▸ TASK TO COMPLETE
Please reproduce, exactly as given, the lines running from the start of the data to the line containing "チェック クルーネック ニット", inclusive, and omit the pictures.

++++++

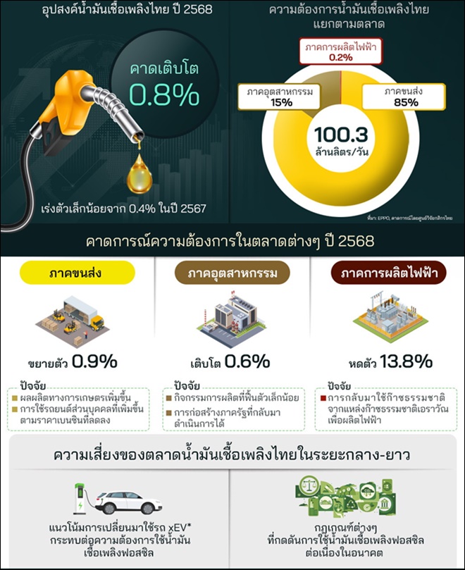 – ในปี 2568 อุปสงค์น้ำมันเชื้อเพลิงไทย คาดว่าจะโต 0.8% เร่งตัวเล็กน้อยจาก 0.4% ในปี 2567 โดยความต้องการในตลาดภาคขนส่งมีโอกาสขยายตัว 0.9% จากการเพิ่มขึ้นของผลผลิตทางการเกษตร และการใช้รถยนต์ส่วนบุคคล
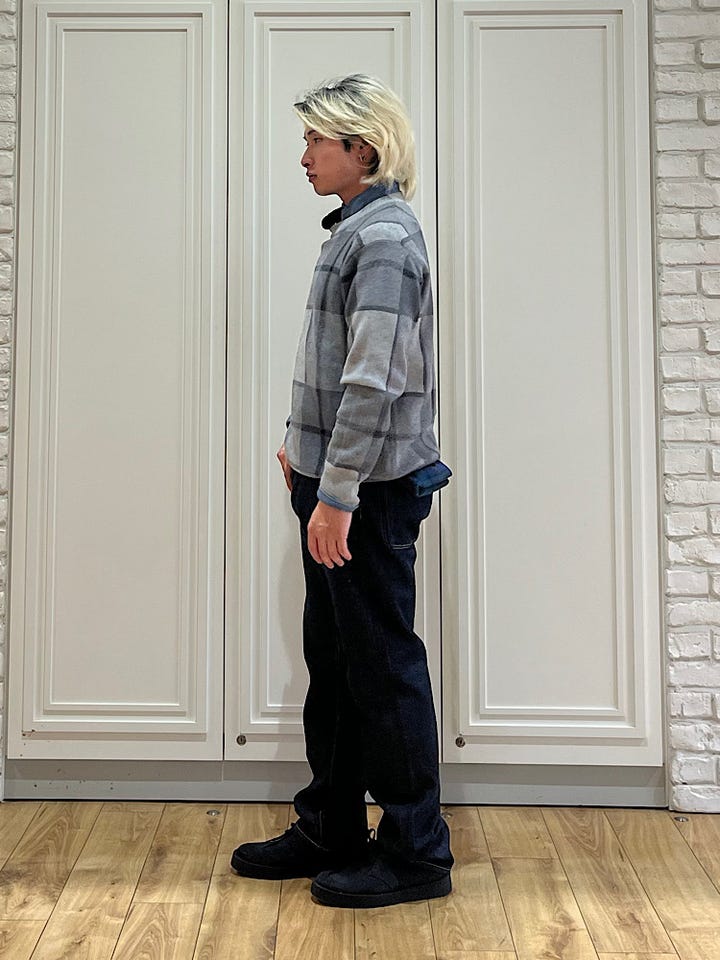 〔MEDIUM〕SHIPS:〈洗濯機可能〉 コットン カシミヤ チェック クルーネック ニット
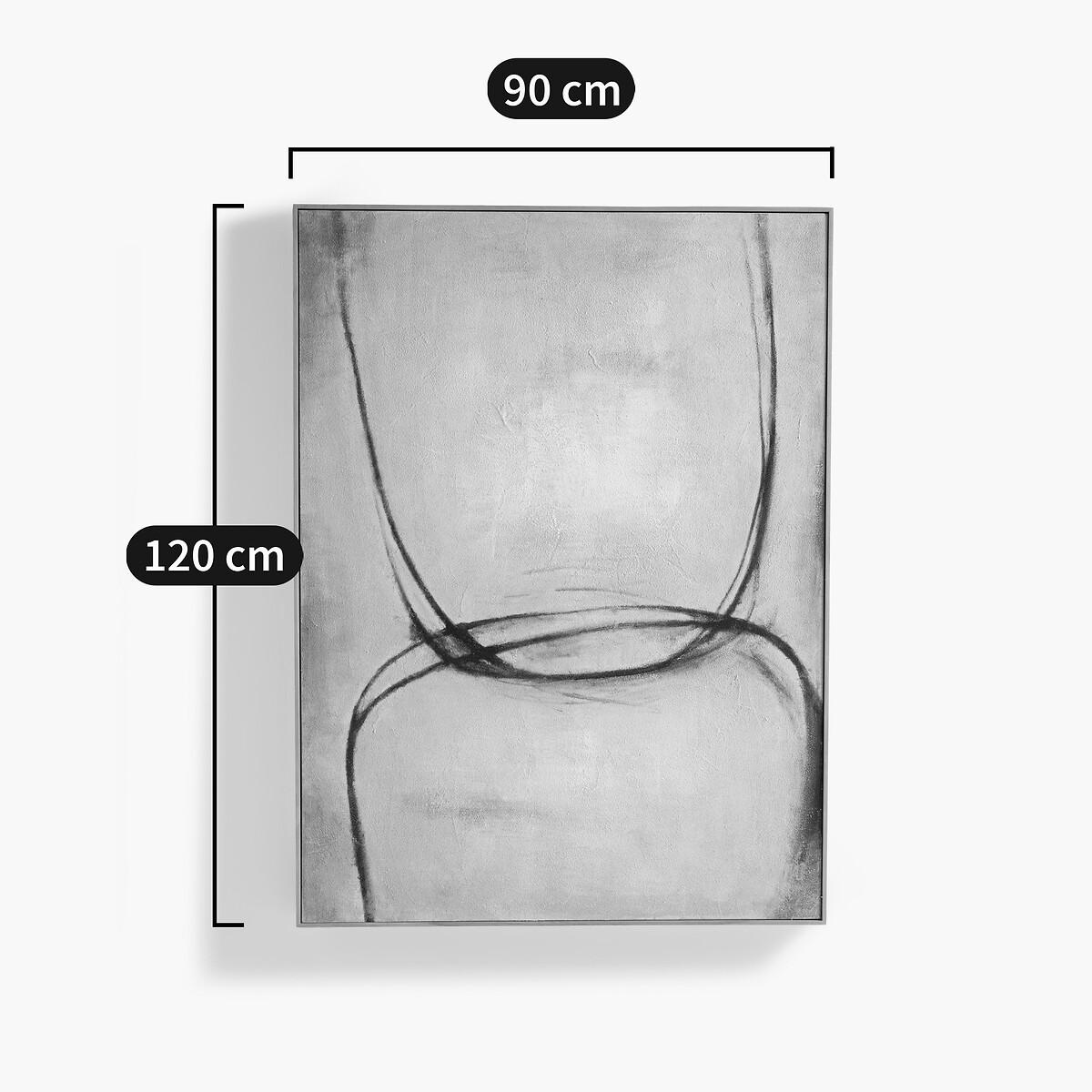 Balance and movement. This hand-painted canvas is highlighted by soft, edgy lines that stand out against an aged-effect background. The vitality of the lines brings a dynamic quality to the whole piece. Product Details • Hand-painted linen canvas, each piece is unique • Pine frame with oak stain finish • Linen back • Brackets for wall mounting (screws and plugs not supplied)Dimensions • Width: 90cm • Height: 120cm • Thickness: 4.4cm • WOOD FROM SUSTAINABLY MANAGED FORESTS. FSC® certified wood comes from forests that are environmentally, socially and economically well managed. Dimensions and weight of parcel • 1 parcel • L128 x H97 x D6.5cm. 5.8kg
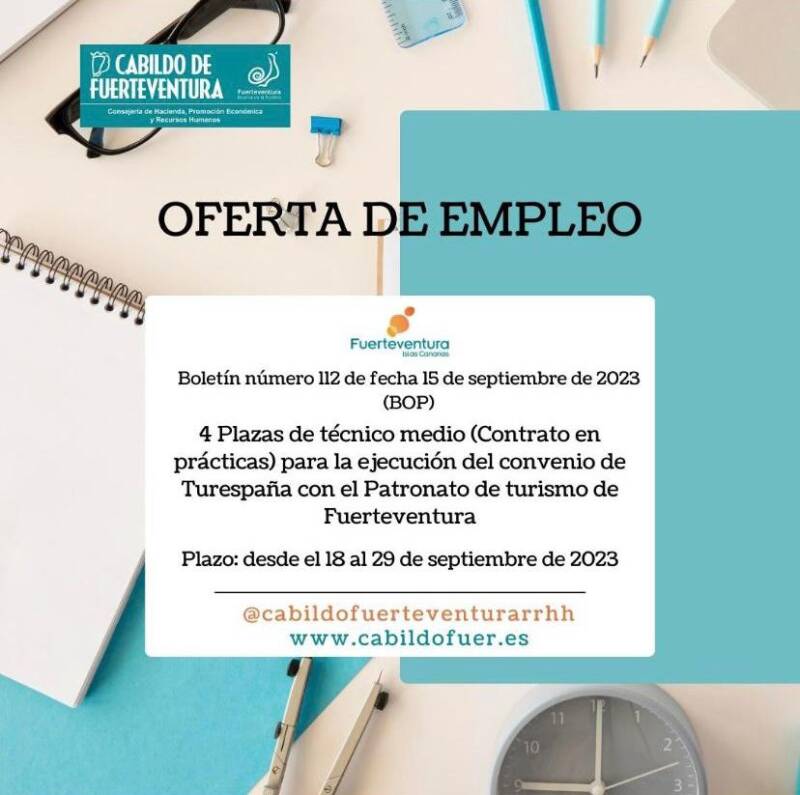 El Cabildo de Fuerteventura, a través del área de Turismo, que dirige Marlene Figueroa, recuerda que el plazo de la convocatoria para seleccionar las cuatro plazas de promotores turísticos en las oficinas españolas de turismo en Berlín, París, Dublín/Londres y Varsovia finaliza este viernes, 29 de septiembre.
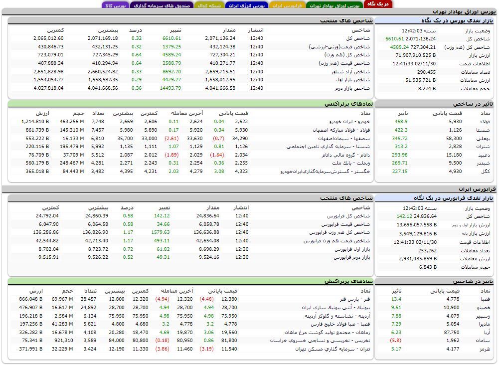 شاخص کل بورس اوراق بهادار تهران در پایان معاملات امروز (دوشنبه) بازار سهام، با ۶ هزار و ۶۱۰ واحد افزایش معادل ۳۲ صدم درصد به دو میلیون و ۷۱ هزار و ۱۳۶ واحد رسید.
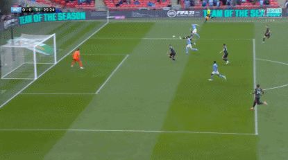 第71分钟,德布劳内弧线球挑传禁区左侧,费尔南迪尼奥头球攻门被洛里没收。1分钟后,德布劳内直塞,斯特林禁区左侧下底回敲,京多安跟进左脚抽射打偏。
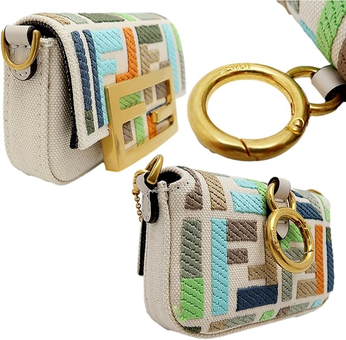 Fendi Nano Baguette Charm Bag with Colorful Embroidered Canvas FF Motif.
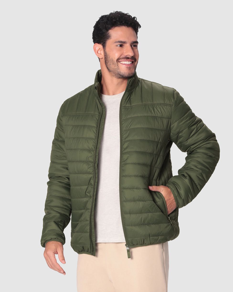 Jaqueta Básica Masculina Puffer Em Poliamida Verde - XGG
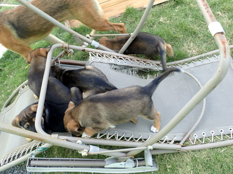 05/30/2015 Three of the babies have left us, moved to their furr-ever homes and I cried. It was hard to say good-bye to these sweet furry babies that I have loved and cared for and spoiled the last 6 weeks. They have been A LOT of work, I have had many sleepless nights, up before it’s light out mornings, I’ve done laundry every day, scrubbed floors and kennels everyday, made formula daily, washed puppy food dishes and toys and bedding and spent untold numbers of hours just sitting and watching them while the dust collects on my furniture, the dirt thickens on my window screens and the sweat runs down my back. Not to mention the kazillion steps up and down to the back yard. WHY AM I NOT SKINNY DAMMIT?? Do I regret them being born? HELL NO!! I love these babies so much.
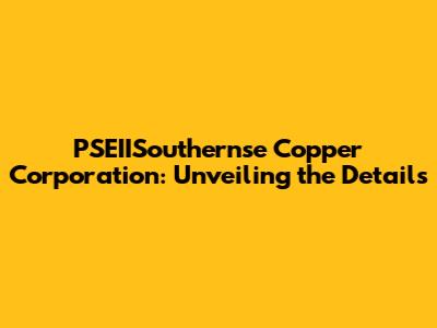 Hey everyone! Today, we're diving deep into PSEIISouthernse Copper Corporation, exploring everything from its operations to its potential impact. Buckle up, because we're about to embark on a journey through the world of copper, its extraction, and the key players involved. Let's get started, shall we?
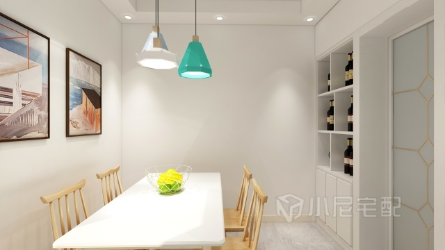 餐廳用酒柜及推拉門巧妙把衛(wèi)生間門和廚房門隱藏起來,使整個餐廳成為一體
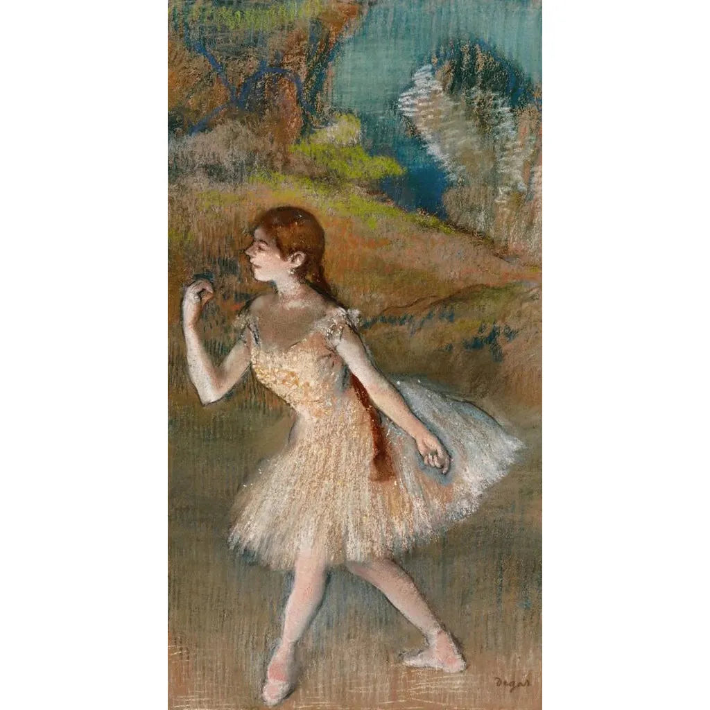 Taidegrafiikka "Danseuse" Edgar Degasin teoksesta vangitsee tanssin olemuksen, hetkessä pysähtyneen ohikiitävän taiteen. Kankaalle on maalattu lämpimän sävyisiä värejä ja hienovaraisia vivahteita, jotka herättävät baletin keveyden ja eleganssin. Degas, joka hallitsee varjojen ja valon leikkiä, onnistuu luomaan intiimin ilmapiirin, jossa melkein tuntee tanssijan hengenvedon. Jokainen sivellinvedos tuntuu värähtelevän musiikin rytmissä, tehden tästä teoksesta sekä dynaamisen että emotionaalisen, todellisen kunnianosoituksen liikkeen kauneudelle.
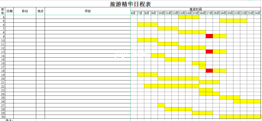 旅游精华日程表-Excel表格
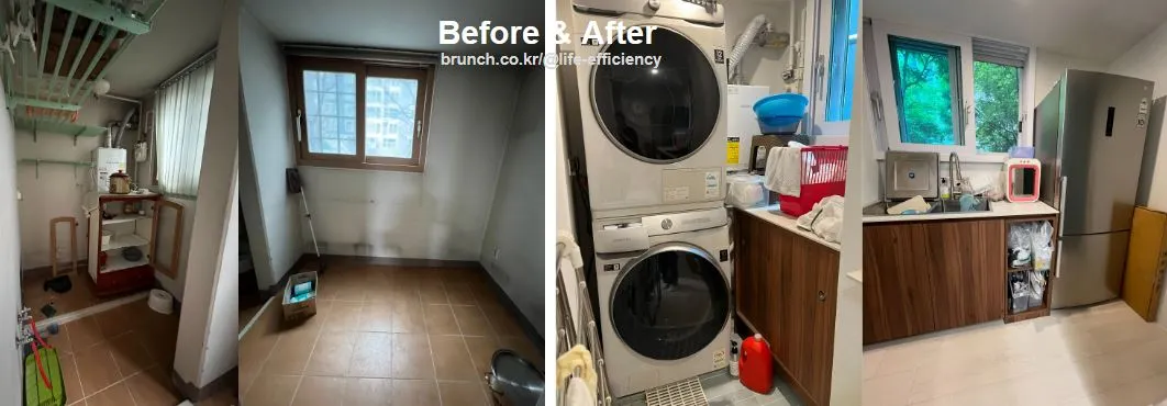 다용도실은 반은 세탁실, 반은 보조주방이다. 배수, 하수관 설비를 추가하고, 바닥은 반만 난방을 확장해서 보조주방을 만들었다. 다용도실에 마루가 있으니 물 쓸 때 신발 신지 않아도 돼서 편하다.
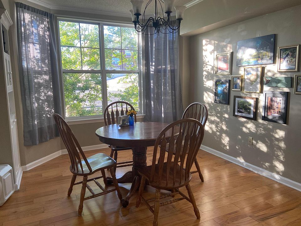 Great location in Fourth Ward across from 4th Ward Park and the Uptown Harris Teeter Grocery Store. Windows throughout this upgraded, spacious end unit condo, with a balcony and an awesome view of the Uptown Skyline. This 2 bedroom, 2 bathroom condo features: Hardwood floors in living room with a gas fireplace and dining area with custom built bookshelves, a bar area and extra storage. Kitchen has been upgraded with granite countertops and a stainless steel refrigerator, gas oven, microwave and double-drawer dishwasher. Spacious entryway, kitchen, and second bathroom have tile upgrades Hardwoods in both bedrooms and tile in both bathrooms Master bathroom has exotic granite countertop and an under-mount sink Large master bedroom has walk-in closet Tiled Balcony overlooking the Charlotte Skyline Washer and dryer included in the unit Gas grills on rooftop patio 2 parking spaces: 1 designated spot in covered garage and 1 in outside parking area (non-designated) Easy 3 block walk to center of Charlotte (Trade and Tryon Streets) for work and play 5 blocks to the Panthers Stadium, Knights Ballpark or the Hornets Arena Directly across the street from the Uptown Harris Teeter Grocery Store and 4th Ward Park Convenient to everything Owner pays for water, trash, and sewer. Tenant pays for gas, electric and internet.

++++++

▸ WRITTEN SOLUTION
 – ในปี 2568 อุปสงค์น้ำมันเชื้อเพลิงไทย คาดว่าจะโต 0.8% เร่งตัวเล็กน้อยจาก 0.4% ในปี 2567 โดยความต้องการในตลาดภาคขนส่งมีโอกาสขยายตัว 0.9% จากการเพิ่มขึ้นของผลผลิตทางการเกษตร และการใช้รถยนต์ส่วนบุคคล
 〔MEDIUM〕SHIPS:〈洗濯機可能〉 コットン カシミヤ チェック クルーネック ニット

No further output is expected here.